Task
Omit the pictures and return exactly the stretch of the material below from the line with "Eckwanne Bad 1. OG" through the line with "Рис.3.2. Сравнение качества".

Information provided
**********

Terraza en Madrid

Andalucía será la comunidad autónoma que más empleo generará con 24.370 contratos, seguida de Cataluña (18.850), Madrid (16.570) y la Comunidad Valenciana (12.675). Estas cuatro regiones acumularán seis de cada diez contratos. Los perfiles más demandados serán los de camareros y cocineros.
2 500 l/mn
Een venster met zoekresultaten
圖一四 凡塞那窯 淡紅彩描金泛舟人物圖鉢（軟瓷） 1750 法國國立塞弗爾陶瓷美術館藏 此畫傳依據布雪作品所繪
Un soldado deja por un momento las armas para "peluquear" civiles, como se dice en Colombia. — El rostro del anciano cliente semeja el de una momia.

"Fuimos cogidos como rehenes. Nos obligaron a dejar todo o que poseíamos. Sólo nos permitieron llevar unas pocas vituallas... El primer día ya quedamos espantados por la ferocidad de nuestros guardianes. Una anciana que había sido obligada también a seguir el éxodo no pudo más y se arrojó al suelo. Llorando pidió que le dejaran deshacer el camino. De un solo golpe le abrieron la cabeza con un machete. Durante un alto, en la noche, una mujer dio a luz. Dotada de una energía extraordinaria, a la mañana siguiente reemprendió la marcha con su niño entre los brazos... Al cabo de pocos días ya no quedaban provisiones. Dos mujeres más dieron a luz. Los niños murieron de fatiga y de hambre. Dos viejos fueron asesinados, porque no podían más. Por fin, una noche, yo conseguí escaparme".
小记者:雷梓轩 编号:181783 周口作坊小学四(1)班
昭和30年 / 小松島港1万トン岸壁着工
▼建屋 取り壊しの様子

**********

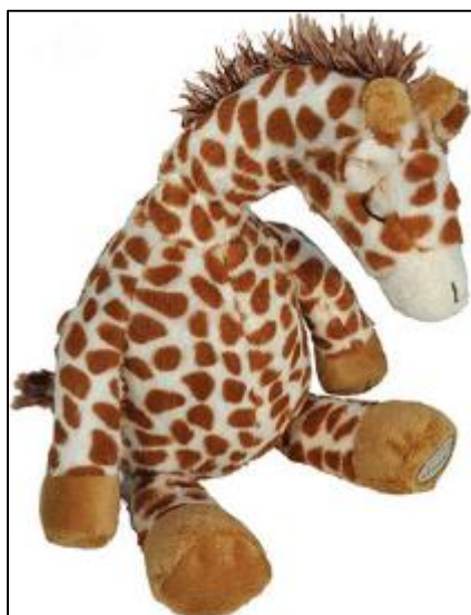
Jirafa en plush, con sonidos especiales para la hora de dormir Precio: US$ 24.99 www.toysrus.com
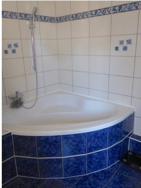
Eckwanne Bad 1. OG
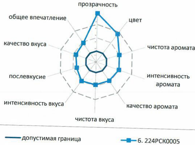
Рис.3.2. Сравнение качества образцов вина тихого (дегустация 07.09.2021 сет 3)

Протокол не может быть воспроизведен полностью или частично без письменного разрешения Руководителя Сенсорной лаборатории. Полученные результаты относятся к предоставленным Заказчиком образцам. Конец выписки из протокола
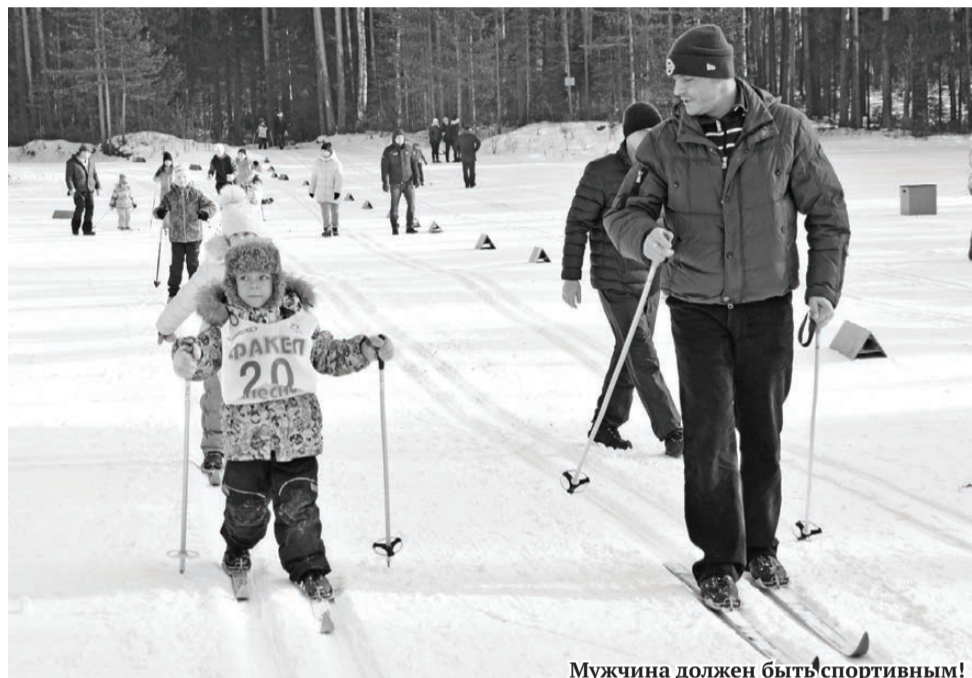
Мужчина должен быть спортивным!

**********

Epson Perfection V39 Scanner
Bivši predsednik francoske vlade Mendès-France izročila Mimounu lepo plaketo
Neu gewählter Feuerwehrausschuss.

**********

Answer area
Eckwanne Bad 1. OG
Рис.3.2. Сравнение качества образцов вина тихого (дегустация 07.09.2021 сет 3)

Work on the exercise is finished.